§ **WHAT YOU HAVE TO DO**:
With the pictures left out, restate exactly the part below that opens with the line containing "15На ночь два" and closes with the line containing "ADBG1625A Suede Fringe".

§ **GIVEN RECORDS**:
_ _ _ _ _
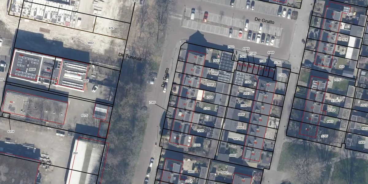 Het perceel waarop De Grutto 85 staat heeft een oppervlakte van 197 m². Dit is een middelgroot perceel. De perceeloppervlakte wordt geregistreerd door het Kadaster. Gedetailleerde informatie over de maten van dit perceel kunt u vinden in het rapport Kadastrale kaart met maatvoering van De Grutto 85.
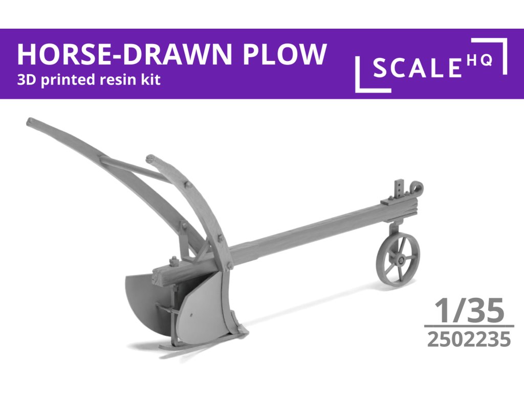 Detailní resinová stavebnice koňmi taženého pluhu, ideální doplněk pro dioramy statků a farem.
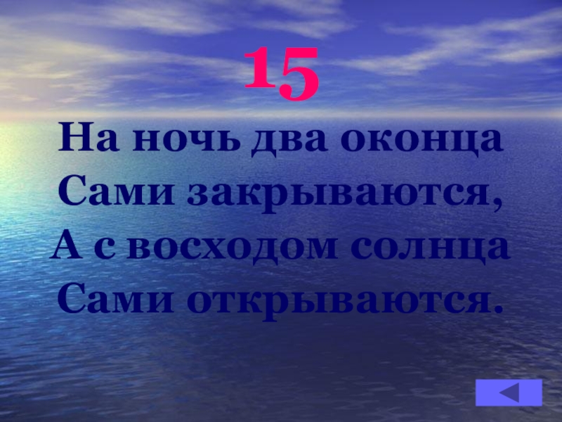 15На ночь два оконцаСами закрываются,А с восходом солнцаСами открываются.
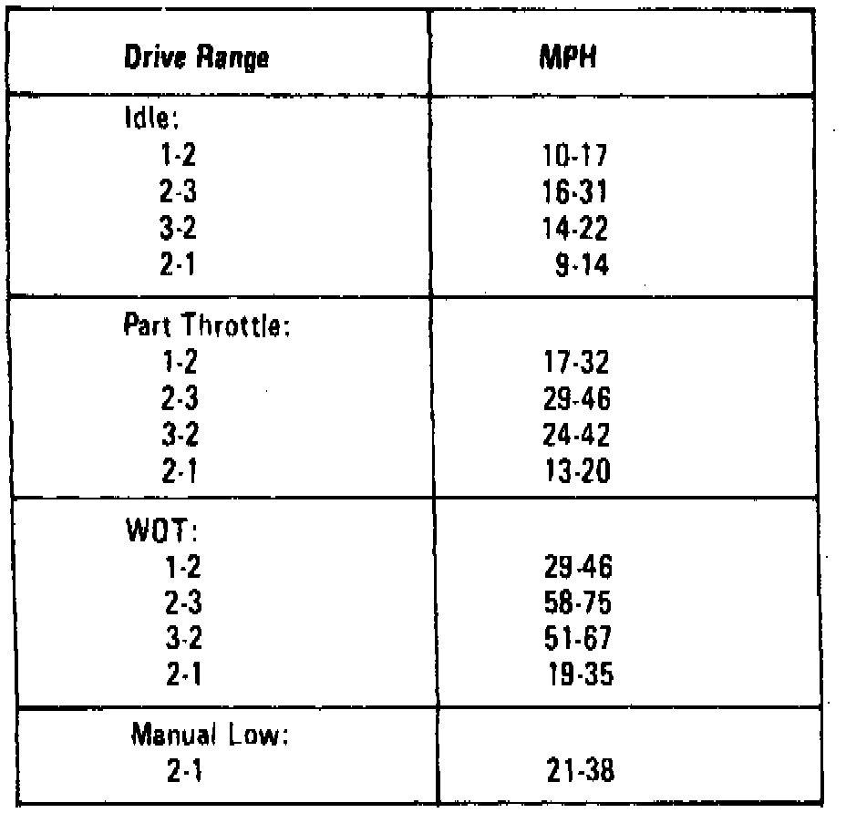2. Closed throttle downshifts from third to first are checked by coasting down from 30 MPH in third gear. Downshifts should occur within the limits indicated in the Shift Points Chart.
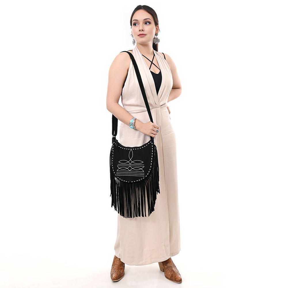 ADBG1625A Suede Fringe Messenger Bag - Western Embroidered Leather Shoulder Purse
_ _ _ _ _
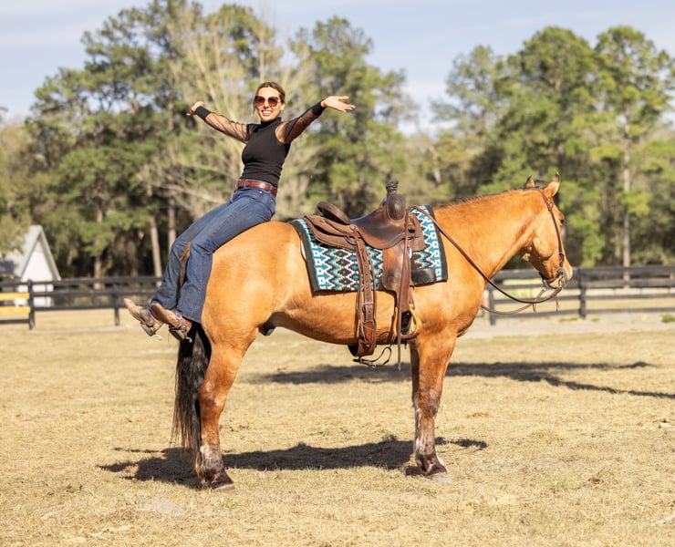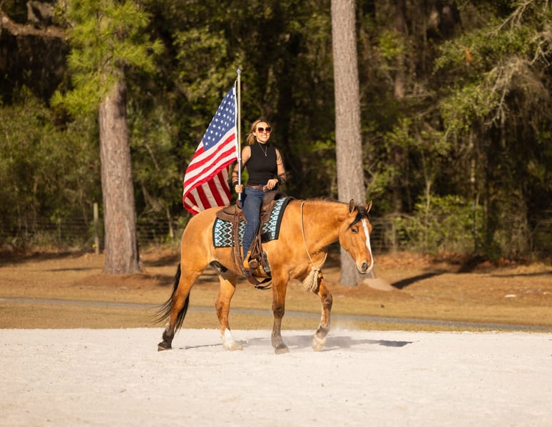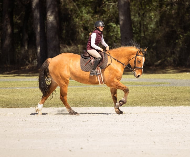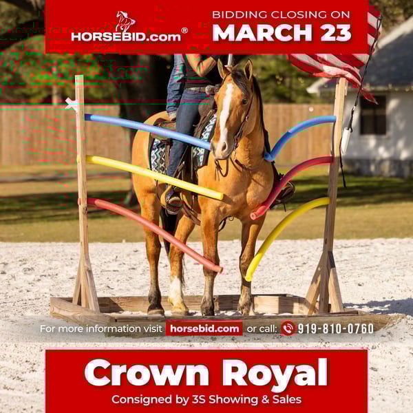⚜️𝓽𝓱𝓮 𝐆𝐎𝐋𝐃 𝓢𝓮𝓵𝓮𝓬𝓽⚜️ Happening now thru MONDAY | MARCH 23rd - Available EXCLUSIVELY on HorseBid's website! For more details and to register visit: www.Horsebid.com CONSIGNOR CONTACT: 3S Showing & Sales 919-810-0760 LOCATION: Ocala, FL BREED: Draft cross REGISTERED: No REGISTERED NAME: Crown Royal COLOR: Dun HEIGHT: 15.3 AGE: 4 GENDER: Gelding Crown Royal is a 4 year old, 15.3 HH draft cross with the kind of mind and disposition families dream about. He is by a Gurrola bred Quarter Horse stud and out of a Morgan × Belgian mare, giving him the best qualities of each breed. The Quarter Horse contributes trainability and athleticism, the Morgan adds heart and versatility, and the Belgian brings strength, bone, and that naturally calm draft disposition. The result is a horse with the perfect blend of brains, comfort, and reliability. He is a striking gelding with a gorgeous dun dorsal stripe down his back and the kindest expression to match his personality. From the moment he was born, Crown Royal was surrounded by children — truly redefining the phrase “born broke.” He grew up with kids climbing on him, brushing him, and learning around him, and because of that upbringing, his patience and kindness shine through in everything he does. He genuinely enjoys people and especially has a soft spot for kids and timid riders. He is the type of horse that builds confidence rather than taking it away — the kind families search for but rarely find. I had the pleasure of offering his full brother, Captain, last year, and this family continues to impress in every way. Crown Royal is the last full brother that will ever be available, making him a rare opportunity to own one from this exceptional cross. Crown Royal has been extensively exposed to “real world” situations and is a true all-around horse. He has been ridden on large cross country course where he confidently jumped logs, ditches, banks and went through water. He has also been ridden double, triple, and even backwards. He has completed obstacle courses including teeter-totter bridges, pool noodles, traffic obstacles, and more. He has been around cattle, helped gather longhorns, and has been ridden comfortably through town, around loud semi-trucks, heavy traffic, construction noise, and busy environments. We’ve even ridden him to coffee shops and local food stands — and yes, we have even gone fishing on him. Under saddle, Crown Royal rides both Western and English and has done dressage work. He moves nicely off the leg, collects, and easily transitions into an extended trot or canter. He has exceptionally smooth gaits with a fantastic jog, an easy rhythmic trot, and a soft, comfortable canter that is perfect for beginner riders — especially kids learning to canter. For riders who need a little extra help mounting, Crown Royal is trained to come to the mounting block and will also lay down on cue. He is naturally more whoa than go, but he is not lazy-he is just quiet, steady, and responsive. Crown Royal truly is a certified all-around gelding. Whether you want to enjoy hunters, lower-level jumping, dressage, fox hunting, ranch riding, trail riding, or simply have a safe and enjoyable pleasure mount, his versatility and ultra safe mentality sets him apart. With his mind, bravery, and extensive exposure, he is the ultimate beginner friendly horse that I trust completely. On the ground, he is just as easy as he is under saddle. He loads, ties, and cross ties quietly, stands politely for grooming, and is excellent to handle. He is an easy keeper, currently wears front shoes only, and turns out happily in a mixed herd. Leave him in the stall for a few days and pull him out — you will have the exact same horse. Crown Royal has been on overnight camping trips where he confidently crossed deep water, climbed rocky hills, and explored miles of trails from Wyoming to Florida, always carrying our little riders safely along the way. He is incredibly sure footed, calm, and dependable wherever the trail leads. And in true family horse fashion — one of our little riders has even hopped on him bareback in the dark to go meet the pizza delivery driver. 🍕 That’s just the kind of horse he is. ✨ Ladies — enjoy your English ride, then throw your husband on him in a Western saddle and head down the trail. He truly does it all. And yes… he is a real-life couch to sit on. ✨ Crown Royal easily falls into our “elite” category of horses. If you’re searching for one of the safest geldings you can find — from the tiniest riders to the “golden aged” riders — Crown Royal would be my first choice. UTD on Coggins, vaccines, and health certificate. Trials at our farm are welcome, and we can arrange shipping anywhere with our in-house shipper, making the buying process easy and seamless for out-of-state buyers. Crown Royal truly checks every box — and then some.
_ _ _ _ _
§ **RESPONSE BOX**:
 15На ночь два оконцаСами закрываются,А с восходом солнцаСами открываются.
2. Closed throttle downshifts from third to first are checked by coasting down from 30 MPH in third gear. Downshifts should occur within the limits indicated in the Shift Points Chart.
 ADBG1625A Suede Fringe Messenger Bag - Western Embroidered Leather Shoulder Purse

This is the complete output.